She stilled, her eyes briefly flashing like they’d done before the pizzas arrived. Then she shifted in her chair, stiffening again by a fraction.
“I’d have spent time at the Children’s Hospital, caught up on all the work I’ve not gotten to, run some errands; nothing too exciting.”
I frowned, “Even on the holiday weekend. What about your parents? Do you see them much? They still over East?”
The heat of the firepit and the almost two bottles of wine we’d sunk were warming us enough that we didn’t need sweaters, yet goosebumps rose up, pebbling her skin and when she started shaking, I realized they were not from the cold, they weren’t from anything other than memories she didn’t want to surface.
“Beulah, I’m sorry, I shouldn’t have asked. You don’t have to tell me,”
She bristled, then held my gaze with an almost trance like stillness before she spoke again.
“The reason my father retired early was because he and his wife, Santa, could never have kids, so they wanted to still be young enough to be eligible to foster. A month later, I came along and they adopted me.”

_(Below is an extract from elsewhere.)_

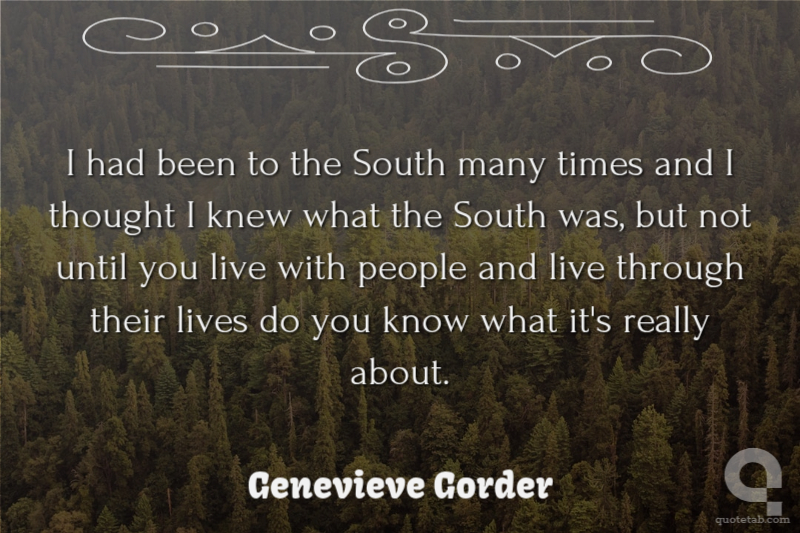I had been to the South many times and I thought I knew what the South was, but not until you live with people and live through their lives do you know what it's really about. Genevieve Gorder

The way she had started to curl her legs up to her chest had mine tightening, slowly twisting itself into a knot I wasn’t sure how I’d undo. “How old were you when you were adopted?”
“Twelve.” She looked at the wineglass she was holding, running her fingers up and down the stem. “Until then, I was raised by my brother… The reason I was in the hospital today… I read to kids who don’t have anyone else, who are too sick to be in foster care. My brother… Jackson… he loved reading, and when he was sick, I would read to him. He was in the hospital a long time… Santa found me and took me home.”

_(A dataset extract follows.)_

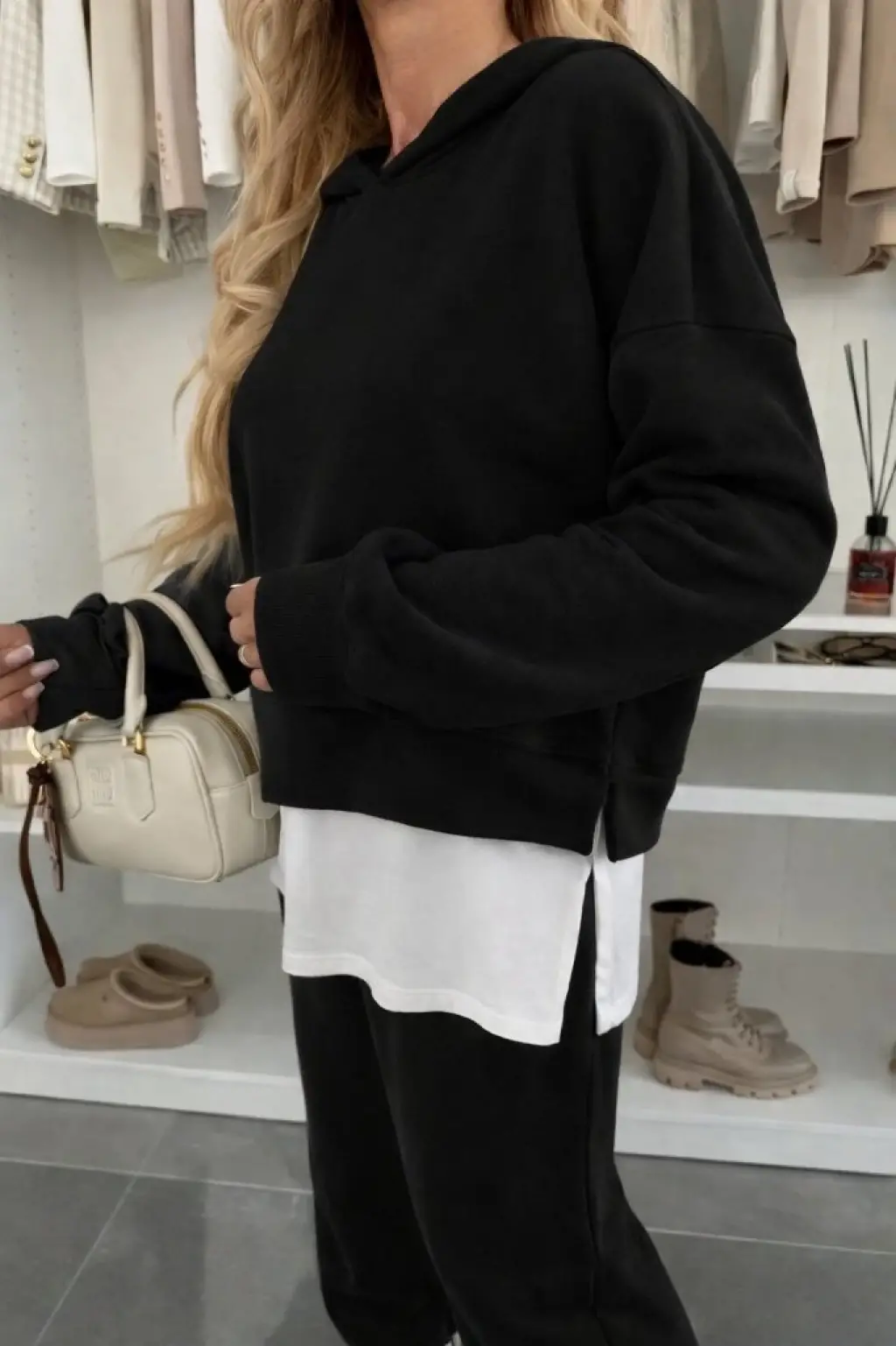 Kadın Uzun Kollu Kapşonlu Viskon Iki Iplik Bluz Ve Pantolon Ikili Takım

Through my pro-bono work and the time spent with my clients, I’d soon learned that the majority came to the firm because they just wanted someone to hear them. Men, women - it didn’t matter - they’d stutter through their words, through their experience which now required my help, and relive a story they didn’t want to. I’d sit and listen without interrupting, no matter how many times I wanted to, to express my empathy. Some clients would be sad, some would be angry, but the really heartbreaking ones were those who appeared to have lost hope - and that’s exactly what I saw now, in front of me, in Beulah Holmes as she stuttered through her words, until it was clear she was done.
“Well, I bet they’re really proud of you now.”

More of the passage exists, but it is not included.